> _About this exercise_
What needs reproducing is the run of lines in the data below starting at the line with "Μικρό άνοιγμα της" and ending at the line with "Пульт Huayu для", both ends included. Copy it exactly, without pictures, and add nothing.

> _Record extracts_
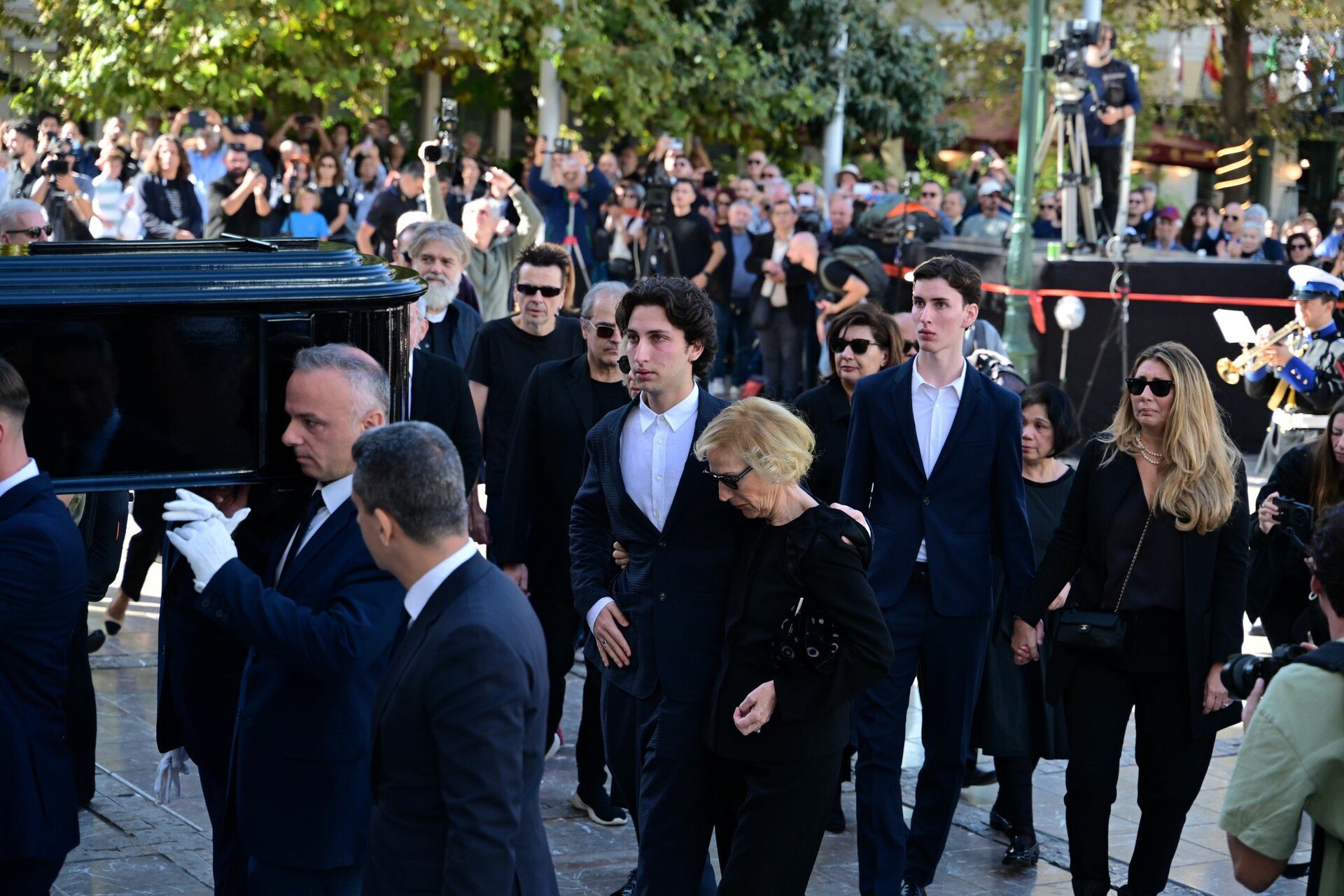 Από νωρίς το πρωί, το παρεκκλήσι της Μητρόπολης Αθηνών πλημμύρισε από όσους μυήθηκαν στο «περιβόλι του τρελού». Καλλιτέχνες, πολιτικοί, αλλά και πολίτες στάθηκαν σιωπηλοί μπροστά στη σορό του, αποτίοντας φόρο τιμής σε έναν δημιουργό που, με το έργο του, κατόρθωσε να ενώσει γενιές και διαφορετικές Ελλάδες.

* * *

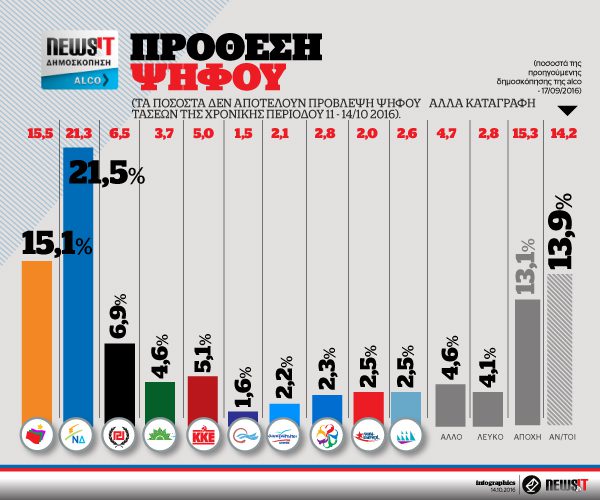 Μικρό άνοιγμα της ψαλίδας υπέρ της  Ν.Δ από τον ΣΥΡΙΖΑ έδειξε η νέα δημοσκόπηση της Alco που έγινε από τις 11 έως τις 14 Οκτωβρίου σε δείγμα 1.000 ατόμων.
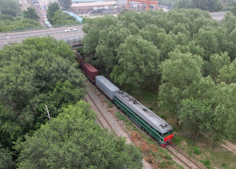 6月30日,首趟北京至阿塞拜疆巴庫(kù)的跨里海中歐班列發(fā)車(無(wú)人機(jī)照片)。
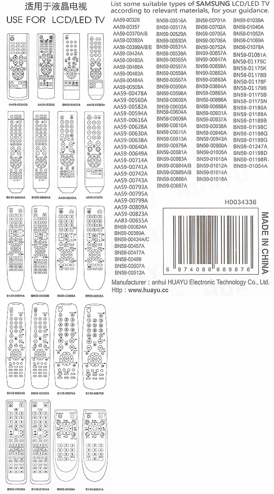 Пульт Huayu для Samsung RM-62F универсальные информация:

...

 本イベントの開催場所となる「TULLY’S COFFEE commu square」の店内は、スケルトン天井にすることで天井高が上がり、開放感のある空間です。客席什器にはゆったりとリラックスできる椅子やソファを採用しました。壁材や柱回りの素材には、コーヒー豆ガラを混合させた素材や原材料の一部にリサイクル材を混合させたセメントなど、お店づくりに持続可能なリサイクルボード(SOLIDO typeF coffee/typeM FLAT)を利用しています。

> _Result of the exercise_
 Μικρό άνοιγμα της ψαλίδας υπέρ της  Ν.Δ από τον ΣΥΡΙΖΑ έδειξε η νέα δημοσκόπηση της Alco που έγινε από τις 11 έως τις 14 Οκτωβρίου σε δείγμα 1.000 ατόμων.
 6月30日,首趟北京至阿塞拜疆巴庫(kù)的跨里海中歐班列發(fā)車(無(wú)人機(jī)照片)。
 Пульт Huayu для Samsung RM-62F универсальные информация:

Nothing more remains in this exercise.